The fix addresses the root cause: shell variable interpolation into JSON strings without escaping. The solution involves sanitizing or escaping all variables before they are interpolated into JSON payloads.

The safest approach — and the one recommended here — is to use a dedicated JSON-aware tool like jq to construct payloads, rather than building them manually with printf.

Before (Vulnerable):

# ⚠️ No escaping — special characters in variables break JSON
generate_payload() {
  local model="$1"
  local content="$2"
  printf '{"model": "%s", "messages": [{"role": "user", "content": "%s"}]}' \
    "$model" "$content" > "$OUTPUT_FILE"
}

After (Fixed):

# ✅ Use jq to safely construct JSON with proper escaping
generate_payload() {
  local model="$1"
  local content="$2"
  jq -n \
    --arg model "$model" \
    --arg content "$content" \
    '{
      "model": $model,
      "messages": [{"role": "user", "content": $content}]
    }' > "$OUTPUT_FILE"
}

Why Does `jq` Solve the Problem?

When you pass a shell variable to jq using --arg, jq treats the value as a raw string and handles all necessary JSON escaping internally. It will:

Escape double quotes (" → \")
Escape backslashes (\ → \\)
Escape newlines and other control characters
Produce syntactically valid JSON regardless of input content

This completely eliminates the injection surface. No matter what characters an attacker puts into the input variables, jq will encode them safely.
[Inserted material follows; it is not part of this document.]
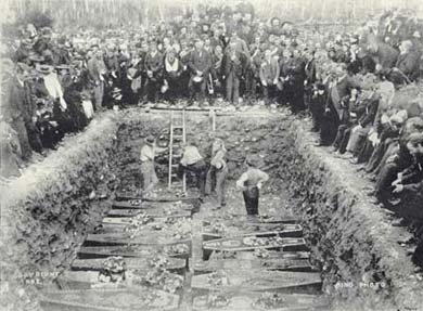 Mass burial at Stillwater for 33 victims of the disaster - many families couldn't afford a grave

Alternative: Escaping with `printf` (If `jq` Is Unavailable)

If jq is not available in your environment, you can write a sanitization function. However, this approach is error-prone and not recommended for production use:

# ⚠️ Manual escaping — fragile, use jq instead
json_escape() {
  local input="$1"
  # Escape backslashes first, then quotes, then control characters
  printf '%s' "$input" \
    | sed 's/\\/\\\\/g' \
    | sed 's/"/\\"/g' \
    | sed ':a;N;$!ba;s/\n/\\n/g'
}

content=$(json_escape "$USER_CONTENT")
printf '{"model": "%s", "content": "%s"}' "$MODEL" "$content"

Even this approach can miss edge cases (null bytes, other control characters). Always prefer jq or a language with native JSON support.

Prevention & Best Practices

1. Never Construct JSON Manually in Shell Scripts

This is the cardinal rule. Shell scripts lack the type awareness and escaping libraries that make JSON construction safe in other languages. If you need to build JSON in a shell script, always use jq.

# ✅ Safe JSON construction with jq
jq -n --arg key "value with \"quotes\" and \\ backslashes" '{"key": $key}'

2. Validate and Sanitize All External Input

Before any external data touches a JSON payload, validate it:

# Validate that a value is a safe model name (alphanumeric + hyphens only)
validate_model_name() {
  local model="$1"
  if [[ ! "$model" =~ ^[a-zA-Z0-9_-]+$ ]]; then
    echo "ERROR: Invalid model name: $model" >&2
    exit 1
  fi
}

3. Add Resource Limits for File-Based Inputs

As noted in the vulnerability description, the script also lacked size checks when loading files. Always enforce limits:

# Check file size before loading
MAX_FILE_SIZE=$((1 * 1024 * 1024))  # 1MB limit
check_file_size() {
  local file="$1"
  local size
  size=$(stat -c%s "$file" 2>/dev/null || stat -f%z "$file")
  if [[ "$size" -gt "$MAX_FILE_SIZE" ]]; then
    echo "ERROR: File too large ($size bytes). Maximum allowed: $MAX_FILE_SIZE bytes." >&2
    exit 1
  fi
}

4. Validate JSON Structure After Construction

Even after using jq, verify the output is valid JSON before sending it:

# Validate JSON before using it
validate_json() {
  local file="$1"
  if ! jq empty "$file" 2>/dev/null; then
    echo "ERROR: Generated payload is not valid JSON" >&2
    exit 1
  fi
}

5. Use Principle of Least Privilege for API Calls

Ensure the API keys and tokens used in scripts have the minimum required permissions. If an injection does occur, limited permissions reduce the blast radius.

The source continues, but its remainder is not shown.